To say that consumers are acquisitive is to say that, unless satiated, they want more of all commodities and services. As economists recognize, this claim is a caricature of human behavior. Like the other generalizations, it might be defended as a reasonable first approximation; as a harmless distortion of reality that is required for the construction of a manageable theory. One might argue that it captures a causal “tendency” that is central to economic behavior. Alternatively, one might argue that, given the presence of markets, to regard people as acquisitive is not such a gross exaggeration after all. Since one can always sell one’s fifth computer and donate the money to a favorite charity, even altruists might prefer a commodity bundle containing five computers to one containing only four. The objection that selling a used computer is not costless in terms of time and hassle misses the mark, because, to the extent that it is correct, it is not the case that the five-computer commodity bundle differs from the four-computer bundle only in the number of computers. On the contrary, the five-computer bundle arguably possesses less leisure.Footnote ⁶

If individuals are acquisitive, then their immediate objectives are self-interested, for their preferences are over bundles of goods and services, and by denying any interdependence of preferences economists rule out commodities or services such as food for starving Ethiopians, which might be on sale from Oxfam. Acquisitiveness demands that the satisfaction of the preferences of others not be included, even implicitly, among the arguments of my utility function.Footnote ⁷ Acquisitiveness identifies options with commodity bundles and implies that choices are based on wanting more of everything. Whereas utility theory is perfectly consistent with altruism, the claim that people are acquisitive rules out immediately altruistic objectives. It is the assumption that consumers are acquisitive that confines attention not only to “rational man” but to “economic man,” who is motivated by the pursuit of what money can buy. The claim that people are acquisitive rules out both direct concern with the plight of others and envious concern with the successes of others. Although overly cynical economists and students of economics may believe that people are exclusively acquisitive, a more charitable interpretation attributes to economists the view that, although false, acquisitiveness is a useful exaggeration with respect to market behavior.

The “law” of DMRS implies that the amount that a consumer such as Penelope will pay for a portion of some good or service $x$ diminishes as the amount of $x$ that Penelope possesses increases. She is willing to pay less for her second bag of French fries than for her first. It is difficult to state DMRS in its full generality without the help of mathematics. A helpful way to grasp what it says is to use some old-fashioned language. Suppose that rather than merely indicating preferences, utility functions measure some quantity, such as pleasure, and that, as is the case in expected utility theory, utilities have cardinal, not merely ordinal, significance – that is, differences between the utilities of different alternatives are not arbitrary.

Employing a cardinal notion of utility, nineteenth-century economists formulated a law of diminishing marginal utility.
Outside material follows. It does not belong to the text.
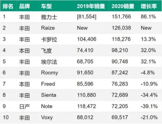 而在車(chē)型方面,雖然日本每年車(chē)型銷(xiāo)量排行榜單變化都很大,但2020年仍然是近年來(lái)變化最大的一次。銷(xiāo)量排名前10的車(chē)型沒(méi)有一款排名與前一年相同,而2019年的銷(xiāo)量冠軍豐田普銳斯更是跌出了榜單前十名,今年的銷(xiāo)量冠軍為去年排名第十位的豐田雅力士。細分車(chē)型方面,轎車(chē)和MPV仍是日本市場(chǎng)絕對主流,榜單前10中僅有豐田Raize一款SUV車(chē)型。

This law, which was independently discovered by several economists, was one cornerstone of the so-called neoclassical or marginalist revolution in economics in the last quarter of the nineteenth century. If commodity bundle $b\text{'}$ differs from bundle $b$ only in containing more of some commodity $x$, then acquisitive consumers will prefer $b\prime$ to $b$. The law of diminishing marginal utility offers the further generalization that the size of this (positive) increment in the utility of $b\prime$ as compared to $\text{b}$ is a decreasing function of the amount of $x$ already in $\text{b}$. As Penelope keeps eating French fries, the amount by which an additional French fry increases her total pleasure becomes smaller and smaller.

Apart from qualms about identifying utility with some substantive good such as pleasure, the law of diminishing marginal utility seems plausible. There are grounds to deny that it is universally true (see Karelis Reference Karelis1986), but it is plausible in many contexts. It neatly explains the paradoxical fact that useful but plentiful goods, such as water, are often cheaper than relatively useless but scarce goods, such as diamonds – a fact that bothered eighteenth- and early nineteenth-century economists. But if, as in contemporary economics, utility functions are no more than a means of representing preference rankings, differences in utilities are arbitrary, and one cannot sensibly speak of diminishing marginal utility.

The law of DMRS is Edgeworth’s (Reference Edgeworth1881) and Pareto’s (Reference Pareto1909, chapters 3 and 4) trick for capturing the implications of diminishing marginal utility for consumer choice without commitment to cardinal utilities. The idea was rediscovered and popularized by J. R. Hicks and R. G. Allen (Reference Hicks and Allen1934). The essence is that an individual is willing to trade away more of $y$ to get a unit of $x$ when he or she has little of $x$ than when he or she has a great deal of $x$. Instead of looking at the utility increment provided by an additional unit of $x$ as a function of the amount of $x$, economists can look at the terms of exchange between $x$ and other commodities. The notion of marginal utility may still be lurking in the background as an explanation for DMRS, but all that consumer choice theory needs are ordinal utilities, acquisitiveness, and diminishing marginal rates of substitution.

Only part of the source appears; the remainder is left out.